Au fil des jours


par  J.-P. MON
Publication : août 2012
Mise en ligne : 17 novembre 2012

Tout va très bien… !

Dans la conférence de presse qu’il a donnée le 5 juillet, le président de la Banque centrale européenne a fait un sombre tableau de la situation : « Les risques sur la croissance en zone euro que nous avions identifiés se sont matérialisés ». Il a évoqué pêle-mêle une croissance négative aux deuxième et troisième trimestres 2012, l’assèchement du crédit, le taux de chômage record qui a atteint 11,1% au mois de mai dans l’union monétaire.

La crise des dettes commence à frapper les pays les plus résistants, y compris l’Allemagne, où 54% de la population ne voit pas pourquoi il faudrait continuer à dépenser des milliards pour sauver l’euro.
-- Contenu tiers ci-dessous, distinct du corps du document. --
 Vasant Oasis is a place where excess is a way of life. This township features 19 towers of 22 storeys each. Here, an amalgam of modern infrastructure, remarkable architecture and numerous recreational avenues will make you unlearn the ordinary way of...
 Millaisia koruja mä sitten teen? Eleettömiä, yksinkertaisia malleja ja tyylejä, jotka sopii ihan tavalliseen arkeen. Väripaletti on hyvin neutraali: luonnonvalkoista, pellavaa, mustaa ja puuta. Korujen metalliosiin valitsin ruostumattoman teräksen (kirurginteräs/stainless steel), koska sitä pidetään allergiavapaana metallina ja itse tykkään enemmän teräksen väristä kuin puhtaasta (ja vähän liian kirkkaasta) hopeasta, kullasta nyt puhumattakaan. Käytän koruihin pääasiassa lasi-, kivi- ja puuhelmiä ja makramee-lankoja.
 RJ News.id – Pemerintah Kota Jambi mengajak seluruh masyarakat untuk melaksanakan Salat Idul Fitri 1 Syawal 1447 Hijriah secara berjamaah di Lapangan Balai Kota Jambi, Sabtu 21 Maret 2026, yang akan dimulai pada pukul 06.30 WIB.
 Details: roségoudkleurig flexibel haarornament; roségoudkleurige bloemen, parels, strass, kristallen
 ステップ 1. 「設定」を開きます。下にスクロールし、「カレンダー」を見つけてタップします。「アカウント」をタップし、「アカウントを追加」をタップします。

Pour rafraîchir encore un peu plus l’atmosphère, le Premier ministre finlandais Jyrki Katainen a estimé, le 4 juillet, que la zone euro se trouvait dans une situation aussi préoccupante qu’il y a deux ans : « La situation est dangereuse, très dangereuse », a-t-il déclaré ; et sa ministre des finances a enfoncé le clou en déclarant que « le pays ne s’accrocherait pas à l‘euro à n’importe quel prix ».
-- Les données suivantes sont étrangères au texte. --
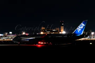 ランディングライト:赤と白夜の空港(飛行機)撮影は難しい・・・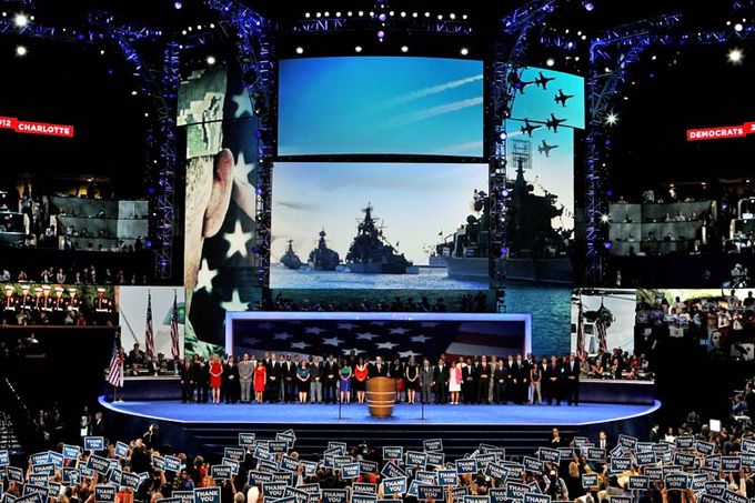 On the last night of the Democratic National Convention, a retired Navy four-star took the stage to pay tribute to veterans. Behind him, on a giant screen, the image of four hulking warships reinforced his patriotic message.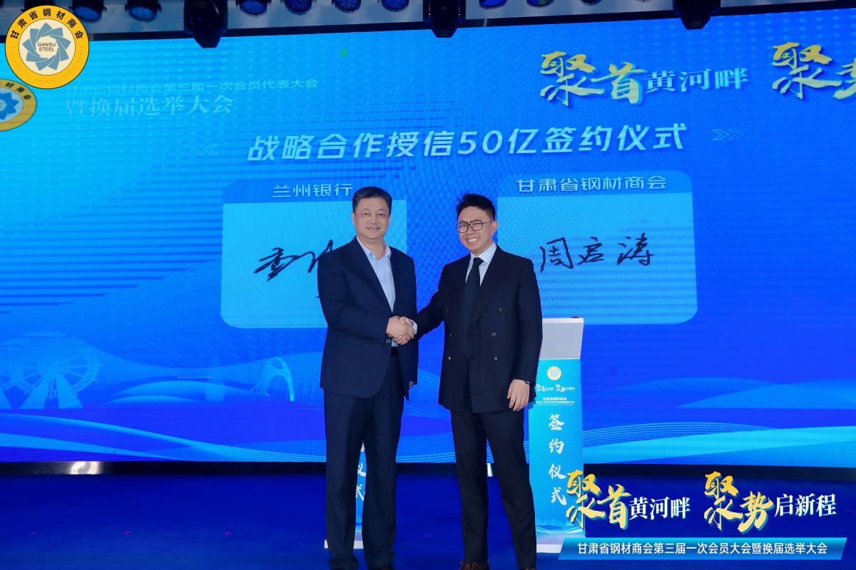 在合作交流環(huán)節(jié),甘肅省鋼材商會分別與甘肅省陜西商會、甘肅省城市建設(shè)商會、甘肅省青年企業(yè)家商會、甘肅省投資商會舉行友好商會簽約儀式,并分別與上海鋼聯(lián)電子商務(wù)有限公司(我的鋼鐵網(wǎng))達(dá)成戰(zhàn)略合作協(xié)議,并與蘭州銀行成功簽訂50億元授信協(xié)議,為甘肅省鋼材商會及會員發(fā)展提供資金、平臺、戰(zhàn)略合作的多方支持。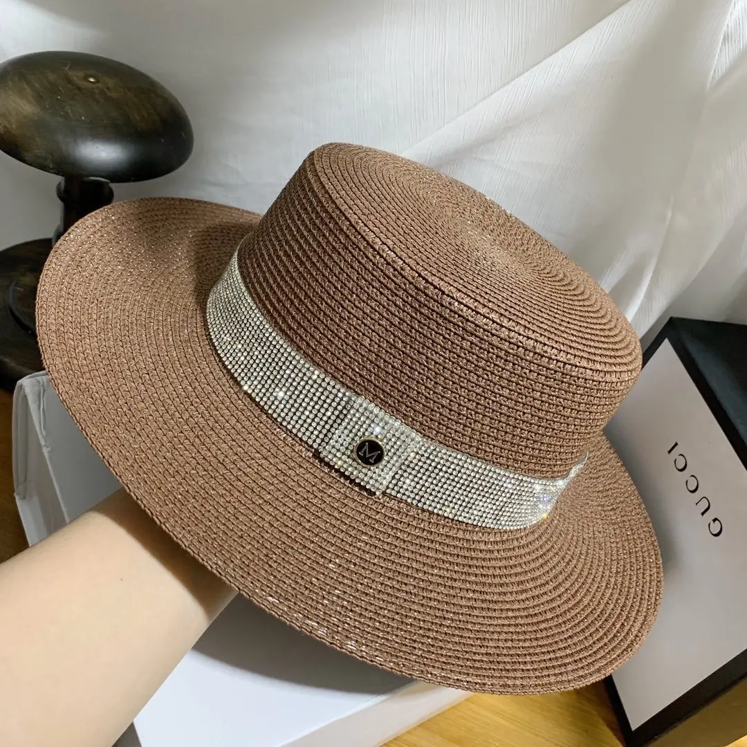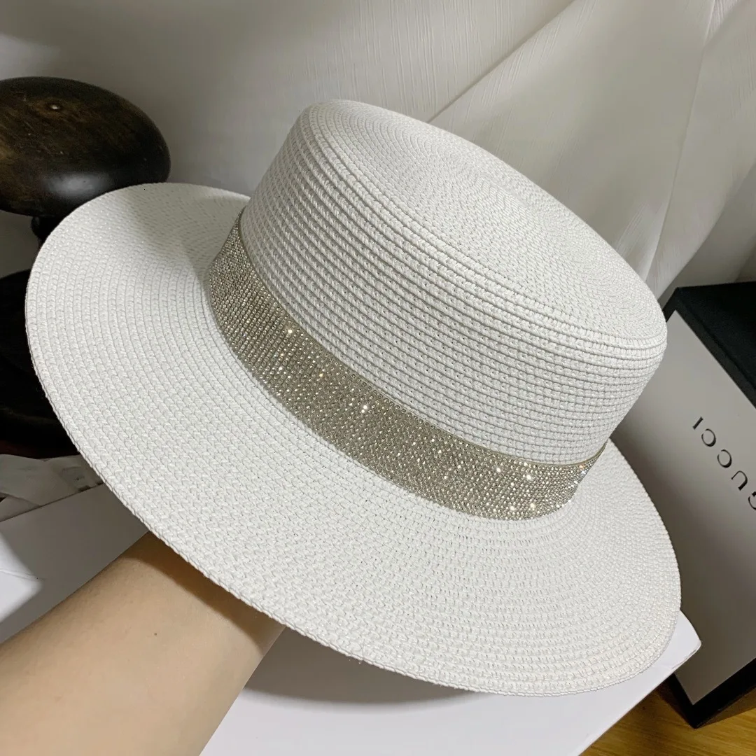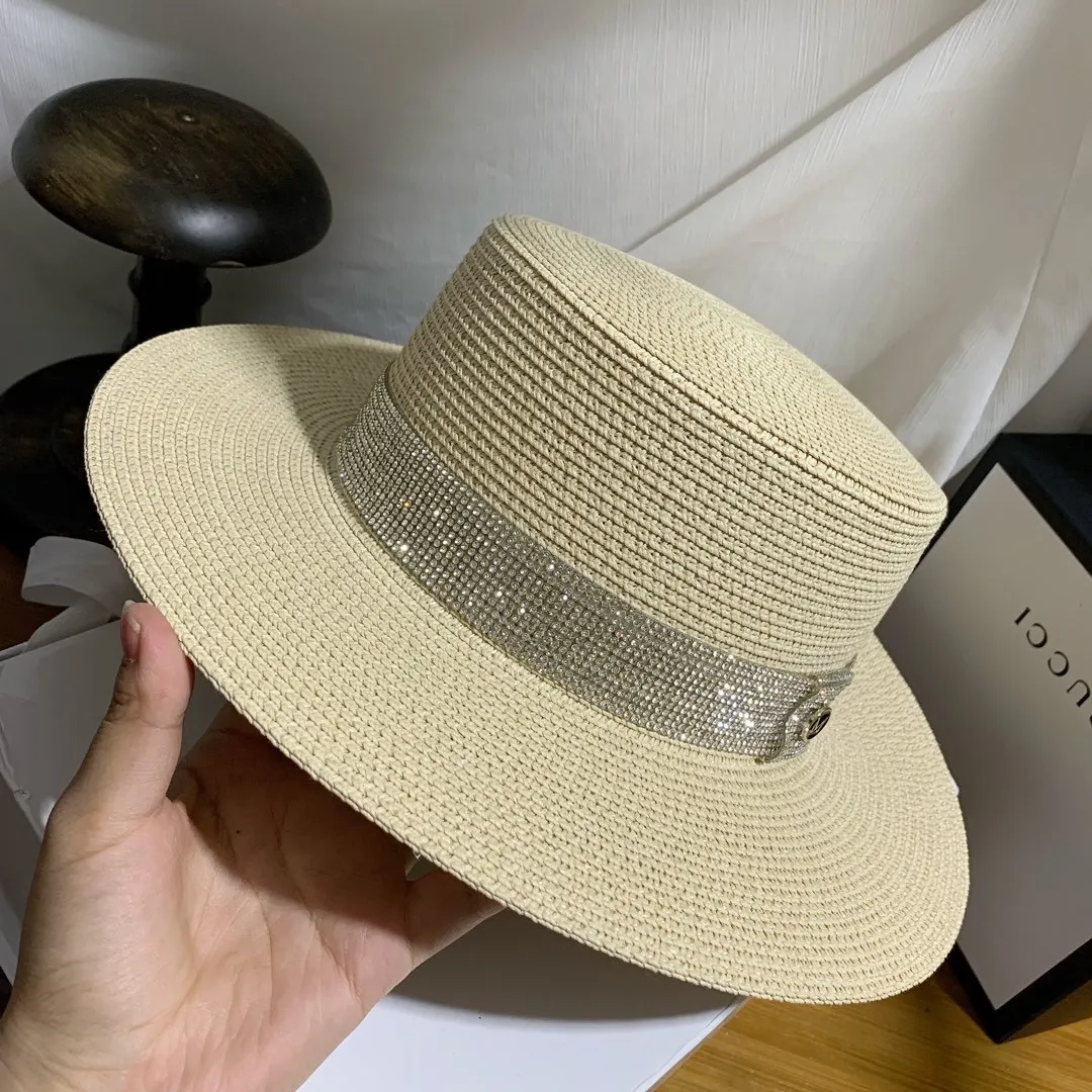 Sun Hat Artificial Diamond Belt Straw Hat Retro Gold Braided Hat Female Loose Sunscreen Sunshade Flat Cap Visors Hats Church Hat

Mme Lagarde annonce que le FMI va abaisser la prévision du taux de la croissance mondiale.

La FED ne prévoit plus qu’une croissance de 2% du PIB au lieu des 2,1% attendus et fait à nouveau marcher sa planche à billets en rachetant de la dette publique.

La banque centrale britannique, elle aussi, fait marcher sa planche à billets pour injecter 62,7 milliards d’euros dans son économie.
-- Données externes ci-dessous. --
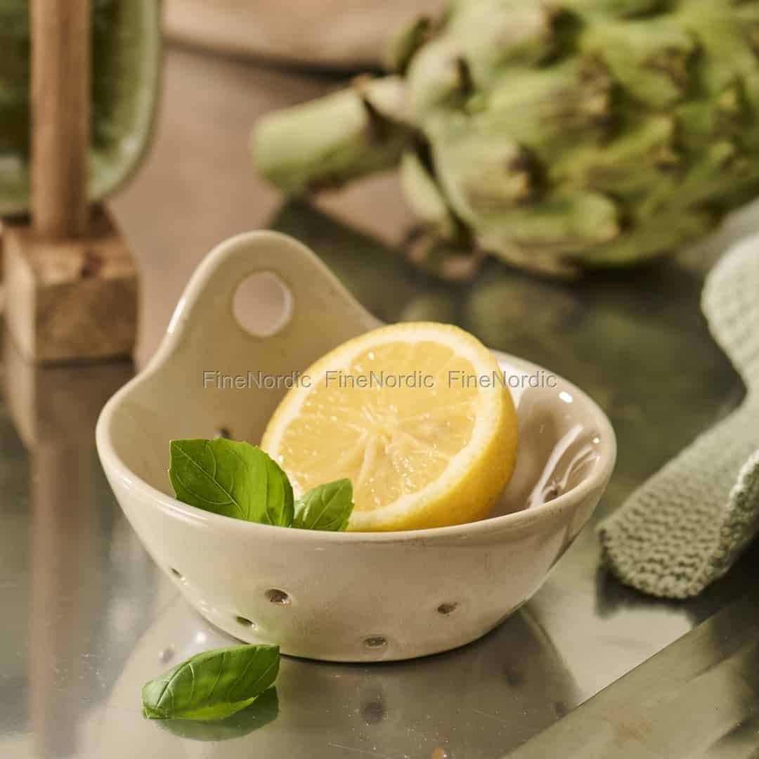 I et skandinavisk køkken besidder selv de mest praktiske genstande en stille skønhed. Denne mini-si i keramik fra Ib Laursen er et perfekt eksempel, designet til at bringe lidt ekstra glæde ind i dine daglige rutiner. Den cremede, spættede glasur føles vidunderlig i hænderne, og dens bløde kurver gør den simple handling at skylle friske råvarer til et betænksomt ritual. Det er et stykke, der taler om 'slow living' og en påskønnelse for veludført, funktionelt design.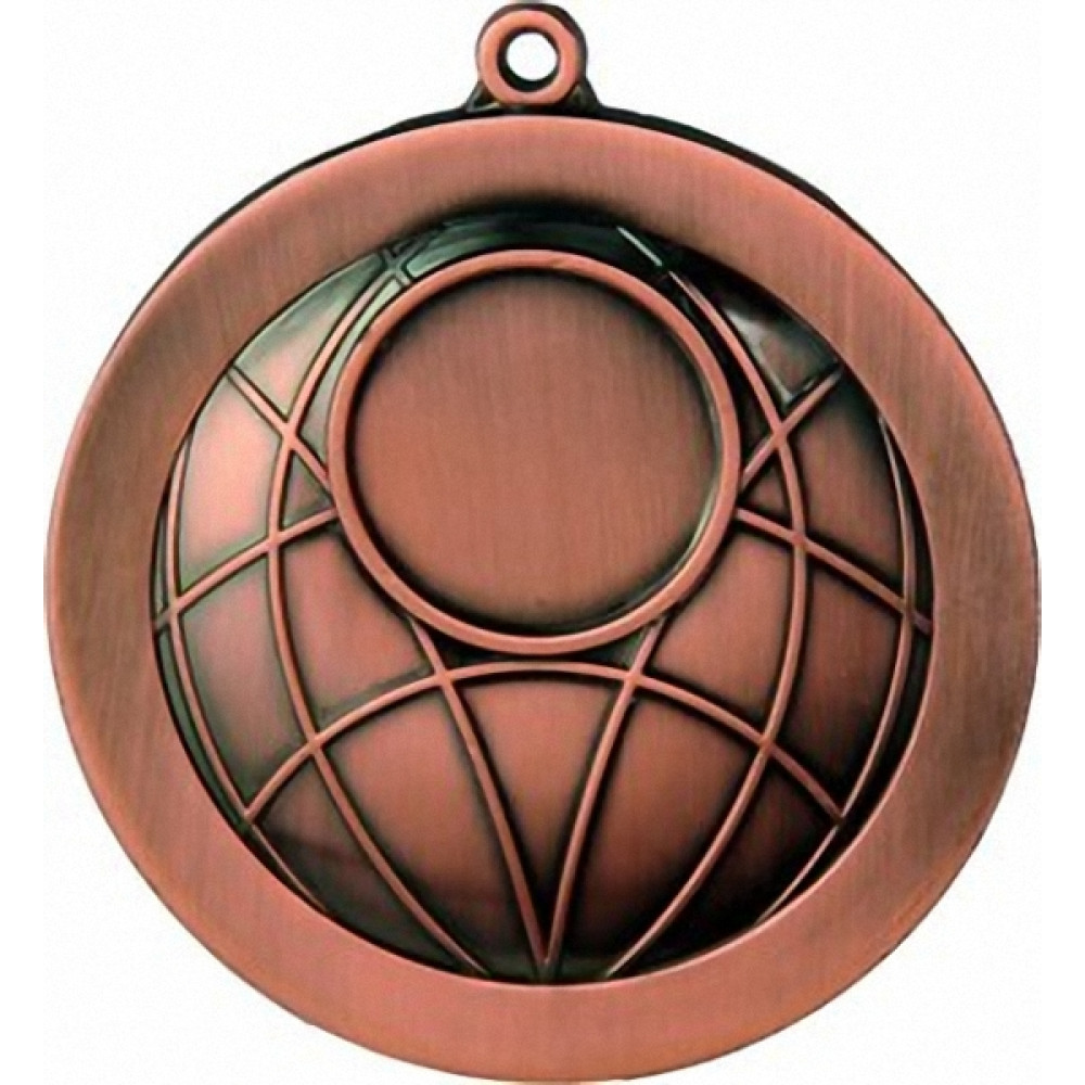 Медаль металлическая, круглой формы. Диаметр 70 мм, толщина 3 мм.¶Цвет медали, имитирующий золото/серебро/бронзу.¶Сверху расположено округлое ушко для крепления ленты.¶Медаль имеет широкий кант. В верхней центральной части аверса медали расположено место под вкладку, имеет кант, диаметр 25 мм. Вокруг места под вкладыш изображены рельефные условные линии меридианов и параллелей глобуса (всего 8 линий, две из которых расположены горизонтально). Вокруг условного глобуса имеется свободное место вдоль всей окружности, шириной 5 мм.¶На медали нет никаких других изображений, нет рисунков, относящихся к конкретному виду спорта.
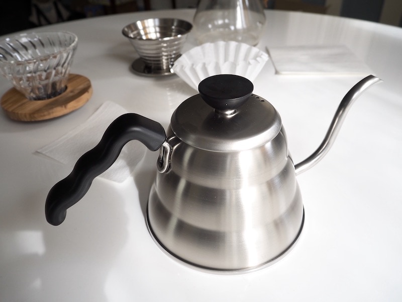 Using a gooseneck kettle if you have one, bring water to a boil. Then let it sit for a minute or two. This will let it cool down to the best temperature for pour-over coffee, which is between 195 and 205° Fahrenheit.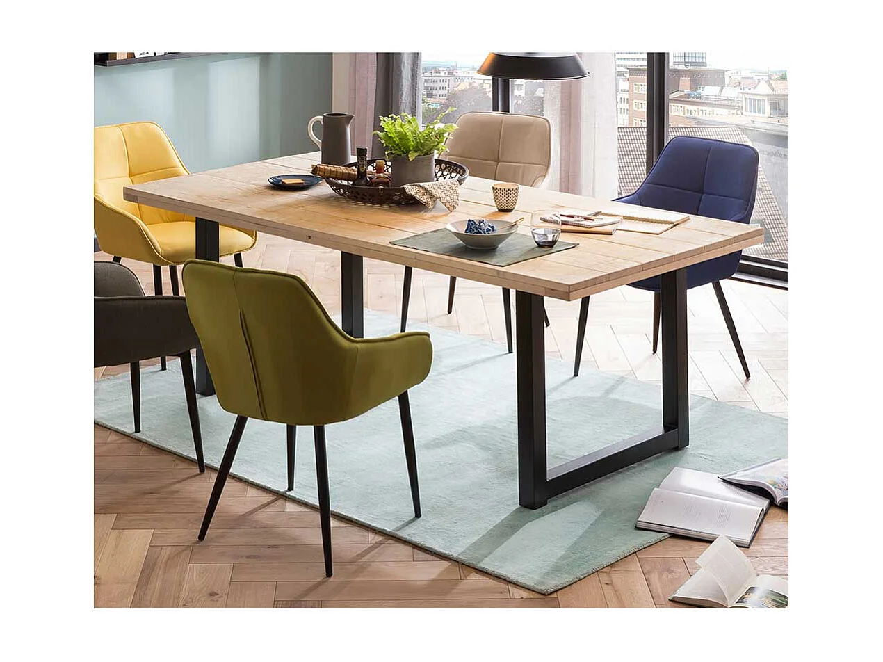 Massivtisch Gerüstholz Platte naturbelassen Bügelgestell

Le chômage n’est pas près de finir !

Le taux de chômage dans les 34 pays de l’OCDE [1] devrait encore être de 7,7% à la fin de l’année, laissant 48 millions de personnes sans emploi [2]. C’est une « très mauvaise nouvelle pour le marché de l’emploi » a déploré le secrétaire général de l’OCDE, Angel Gurria, lors de la présentation du rapport qu’il a faite à Paris. Les défis auxquels sont confrontés les décideurs sont presque sans précédent, constate l’organisation. En effet :

• Trois ans après les premiers signes de reprise économique consécutifs à la crise financière mondiale, le taux de chômage n’était redescendu en mai 2012 que de 0,6% par rapport à son pic historique de l’après-guerre atteint en octobre 2009 (8,5%) ;

• L’emploi des jeunes a reculé de près de 7 % par rapport au niveau général de l’emploi depuis le début de la crise, et celui des personnes non qualifiées de 5 % ;

• L’emploi précaire a considérablement augmenté en raison de la réticence des entreprises à embaucher ;

• Les chômeurs de longue durée, qui comptaient pour 27% des demandeurs d’emploi avant la crise, sont désormais 35%, ce qui accroît le risque d’un chômage davantage structurel que conjoncturel en raison de l’érosion des compétences.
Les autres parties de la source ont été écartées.